[Start of Attachment]
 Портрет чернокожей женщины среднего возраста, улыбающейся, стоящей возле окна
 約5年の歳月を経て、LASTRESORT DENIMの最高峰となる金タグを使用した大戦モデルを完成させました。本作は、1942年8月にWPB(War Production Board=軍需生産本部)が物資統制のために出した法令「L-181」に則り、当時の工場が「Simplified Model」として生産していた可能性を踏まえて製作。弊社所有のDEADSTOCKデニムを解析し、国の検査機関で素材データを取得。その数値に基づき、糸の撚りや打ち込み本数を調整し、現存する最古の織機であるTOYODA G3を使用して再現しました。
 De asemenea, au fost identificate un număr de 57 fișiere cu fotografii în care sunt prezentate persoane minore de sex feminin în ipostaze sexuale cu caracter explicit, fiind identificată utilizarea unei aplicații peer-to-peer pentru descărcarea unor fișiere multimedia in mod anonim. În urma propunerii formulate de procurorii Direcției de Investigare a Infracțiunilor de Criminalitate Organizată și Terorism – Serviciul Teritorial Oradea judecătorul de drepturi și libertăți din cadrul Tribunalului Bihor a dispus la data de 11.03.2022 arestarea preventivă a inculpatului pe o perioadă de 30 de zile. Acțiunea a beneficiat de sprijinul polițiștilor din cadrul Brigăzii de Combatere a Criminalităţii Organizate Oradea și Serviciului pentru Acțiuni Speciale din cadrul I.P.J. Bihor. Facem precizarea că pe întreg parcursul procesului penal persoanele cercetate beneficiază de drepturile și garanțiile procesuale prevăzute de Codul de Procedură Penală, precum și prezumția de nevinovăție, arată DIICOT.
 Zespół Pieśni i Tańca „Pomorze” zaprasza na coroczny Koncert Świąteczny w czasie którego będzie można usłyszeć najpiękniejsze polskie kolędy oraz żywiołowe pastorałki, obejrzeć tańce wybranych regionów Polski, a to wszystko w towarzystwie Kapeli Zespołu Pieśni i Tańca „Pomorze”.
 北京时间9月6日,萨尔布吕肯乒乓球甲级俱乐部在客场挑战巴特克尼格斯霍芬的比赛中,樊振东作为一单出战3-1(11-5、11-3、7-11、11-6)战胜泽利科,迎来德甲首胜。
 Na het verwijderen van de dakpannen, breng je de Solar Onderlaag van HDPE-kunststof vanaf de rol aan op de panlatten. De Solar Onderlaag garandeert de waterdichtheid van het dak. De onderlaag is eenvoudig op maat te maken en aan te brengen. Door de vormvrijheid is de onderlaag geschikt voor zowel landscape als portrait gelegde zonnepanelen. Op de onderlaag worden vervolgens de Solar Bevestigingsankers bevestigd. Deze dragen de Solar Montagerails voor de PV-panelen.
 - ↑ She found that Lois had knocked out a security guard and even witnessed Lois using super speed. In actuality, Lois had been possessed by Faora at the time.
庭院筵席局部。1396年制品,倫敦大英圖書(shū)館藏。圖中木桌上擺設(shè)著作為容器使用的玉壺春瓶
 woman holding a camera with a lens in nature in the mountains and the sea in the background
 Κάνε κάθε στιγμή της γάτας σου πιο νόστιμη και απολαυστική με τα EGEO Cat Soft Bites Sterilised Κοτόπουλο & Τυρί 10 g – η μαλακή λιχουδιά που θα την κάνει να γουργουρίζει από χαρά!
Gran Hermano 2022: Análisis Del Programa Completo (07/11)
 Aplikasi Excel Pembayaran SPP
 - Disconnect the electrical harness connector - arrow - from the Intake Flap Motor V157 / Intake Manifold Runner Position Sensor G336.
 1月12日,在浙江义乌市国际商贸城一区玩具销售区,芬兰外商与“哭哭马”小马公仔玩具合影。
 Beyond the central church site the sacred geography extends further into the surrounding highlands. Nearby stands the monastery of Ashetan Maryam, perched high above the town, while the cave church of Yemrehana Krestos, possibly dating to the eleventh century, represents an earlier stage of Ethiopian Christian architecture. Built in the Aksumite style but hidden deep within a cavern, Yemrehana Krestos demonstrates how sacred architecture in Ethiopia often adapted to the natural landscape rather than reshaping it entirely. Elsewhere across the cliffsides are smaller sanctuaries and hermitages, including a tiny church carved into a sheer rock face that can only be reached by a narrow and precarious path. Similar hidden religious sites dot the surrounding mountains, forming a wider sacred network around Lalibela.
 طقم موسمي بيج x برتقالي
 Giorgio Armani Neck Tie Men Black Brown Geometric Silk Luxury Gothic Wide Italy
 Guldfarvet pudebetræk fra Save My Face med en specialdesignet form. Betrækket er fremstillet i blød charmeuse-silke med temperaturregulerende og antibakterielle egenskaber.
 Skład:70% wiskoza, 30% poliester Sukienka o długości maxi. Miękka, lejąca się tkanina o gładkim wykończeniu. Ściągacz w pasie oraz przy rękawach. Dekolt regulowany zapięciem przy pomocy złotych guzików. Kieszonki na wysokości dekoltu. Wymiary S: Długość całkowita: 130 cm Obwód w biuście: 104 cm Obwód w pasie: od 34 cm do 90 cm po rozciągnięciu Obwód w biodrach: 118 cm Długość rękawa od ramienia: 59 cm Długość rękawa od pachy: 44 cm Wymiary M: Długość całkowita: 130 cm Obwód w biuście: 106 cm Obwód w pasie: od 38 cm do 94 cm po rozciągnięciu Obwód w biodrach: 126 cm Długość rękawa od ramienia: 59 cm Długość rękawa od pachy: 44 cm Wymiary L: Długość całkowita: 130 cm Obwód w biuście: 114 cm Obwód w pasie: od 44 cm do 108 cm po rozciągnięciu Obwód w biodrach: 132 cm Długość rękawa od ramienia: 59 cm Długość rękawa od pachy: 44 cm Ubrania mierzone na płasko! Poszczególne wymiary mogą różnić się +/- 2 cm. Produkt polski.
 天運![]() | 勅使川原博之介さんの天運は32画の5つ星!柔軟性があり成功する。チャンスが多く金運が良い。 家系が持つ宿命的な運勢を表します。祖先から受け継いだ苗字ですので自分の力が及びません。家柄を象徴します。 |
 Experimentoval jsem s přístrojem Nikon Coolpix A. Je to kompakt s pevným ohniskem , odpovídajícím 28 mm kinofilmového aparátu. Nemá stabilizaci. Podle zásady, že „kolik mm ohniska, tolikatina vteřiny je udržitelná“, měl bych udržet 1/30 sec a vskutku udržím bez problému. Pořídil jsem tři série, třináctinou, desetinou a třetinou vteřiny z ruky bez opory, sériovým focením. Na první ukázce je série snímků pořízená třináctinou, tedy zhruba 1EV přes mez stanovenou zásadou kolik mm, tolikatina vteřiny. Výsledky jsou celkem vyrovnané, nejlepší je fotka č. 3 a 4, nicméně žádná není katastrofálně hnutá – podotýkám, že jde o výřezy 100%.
[End of Attachment]
In the listing above, locate the line containing "Beyond the central" and the line containing "Giorgio Armani Neck". Transcribe those two lines and everything between them, exactly as written.

**SOLVED EXERCISE**
 Beyond the central church site the sacred geography extends further into the surrounding highlands. Nearby stands the monastery of Ashetan Maryam, perched high above the town, while the cave church of Yemrehana Krestos, possibly dating to the eleventh century, represents an earlier stage of Ethiopian Christian architecture. Built in the Aksumite style but hidden deep within a cavern, Yemrehana Krestos demonstrates how sacred architecture in Ethiopia often adapted to the natural landscape rather than reshaping it entirely. Elsewhere across the cliffsides are smaller sanctuaries and hermitages, including a tiny church carved into a sheer rock face that can only be reached by a narrow and precarious path. Similar hidden religious sites dot the surrounding mountains, forming a wider sacred network around Lalibela.
 طقم موسمي بيج x برتقالي
 Giorgio Armani Neck Tie Men Black Brown Geometric Silk Luxury Gothic Wide Italy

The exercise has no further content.